Note that ZoomedLayoutScheme
needs to know the world extent, which
it gets from the CRS, in order to build the TMS pyramid layout. This
will likely cause resampling of input rasters to match the resolution of
the TMS levels.
On other hand FloatingLayoutScheme
will discover the native
resolution and extent and partition it by given tile size without
resampling.
User-Defined Layout¶
You may bypass the layout scheme logic by providing layoutExtent
and
either a tileLayout
or a cellSize
and tileSize
to fully
define the layout and start the tiling process.
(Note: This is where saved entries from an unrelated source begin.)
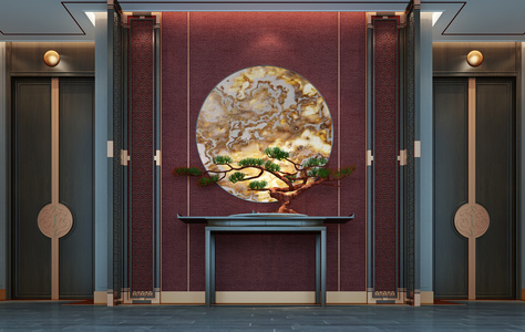 Z41-0704新中式玄关摆台迎客松松树大门花格屏风木门门厅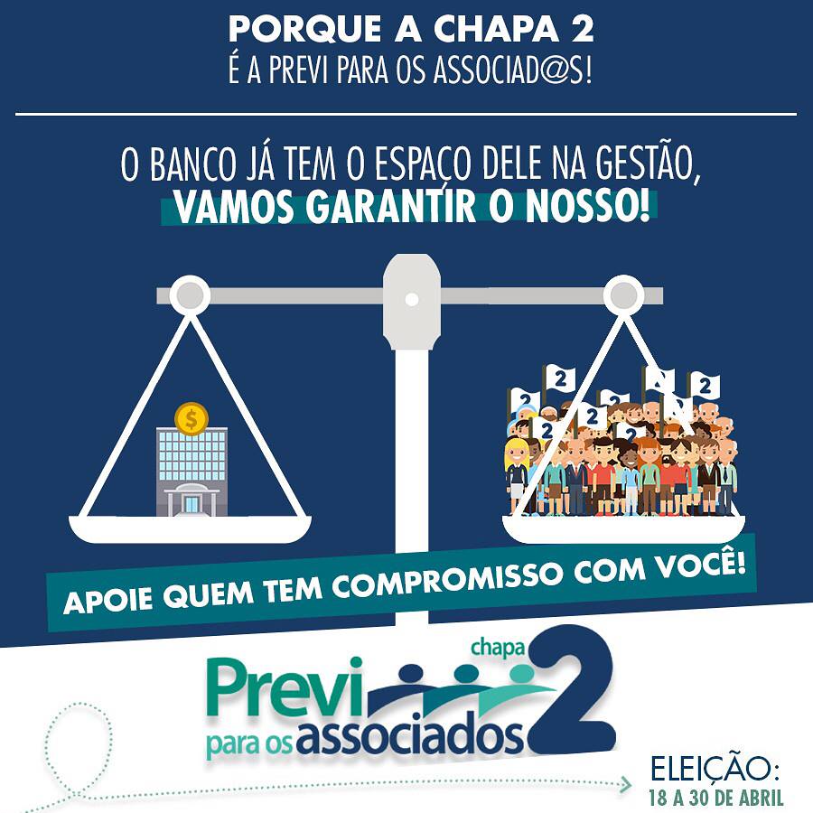 A Chapa 2 vê a necessidade de uma atuação firme e articulada com os associados e suas entidades representativas pela garantia da composição paritárias de todas as instâncias de gestão – Diretoria e conselhos Deliberativo, Fiscal e Consultivo. A gestão paritária é uma conquista histórica, que passou a ser seriamente ameaçada no âmbito do Congresso Nacional pelo Projeto de Lei 268, de autoria do senador mineiro Aécio Neves.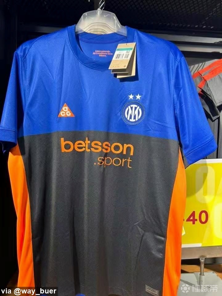 耐克为国米推出的25-26赛季第四球衣采用醒目的撞色设计。球衣上半部分为蓝色,中下半部分则为黑色。耐克还将醒目的橙色队徽融入到这款球衣中。
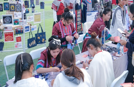 taptap点点围绕“守侗织匠心,筑民族之美”主题,组织选送了多项特色内容参展,包括运用人工智能技术辅助创新设计的侗族织锦服饰,以及融合侗锦传统技艺与现代纺织工艺的织锦纹样装饰品。展区设置了民族风文创手工互动环节,吸引众多参观者现场体验传统土布手工文创产品的制作过程。展出的民族风手工艺品受到广泛欢迎,参与互动体验的学生络绎不绝。大家普遍反馈,沉浸式体验活动富有意义,既学习了基础手工技能,也深切感受到侗族织锦的独特文化魅力。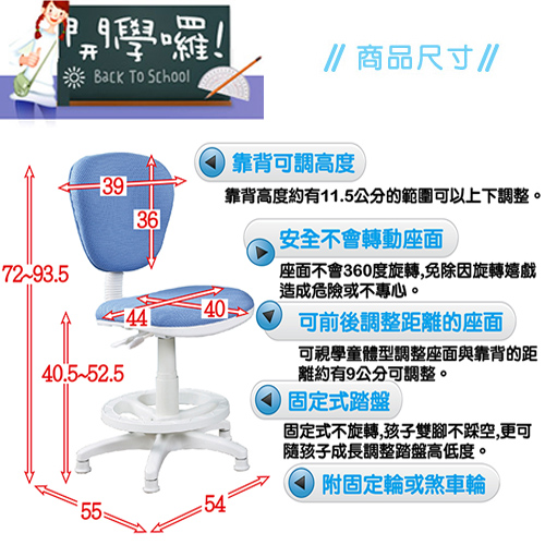 ■安全踏盤:不怕小朋友有踏不到地面的危險,學童可以輕鬆放置雙腳,讓坐姿更正確,坐起來更安穩,而且踏盤可依孩子身高調整高度,即使是年幼的孩子也不致雙腳騰空,安全又健康!

The user may optionally
specify an output cellType
as well (default case uses the input
cellType
).
Reprojection¶
spark-etl
project supports two methods of reprojection: buffered
and per-tile
. They provide a trade-off between accuracy and
flexibility.
Buffered reprojection method is able to sample pixels past the tile boundaries by performing a neighborhood join. This method is the default and produces the best results. However it requires that all of the source tiles share the same CRS.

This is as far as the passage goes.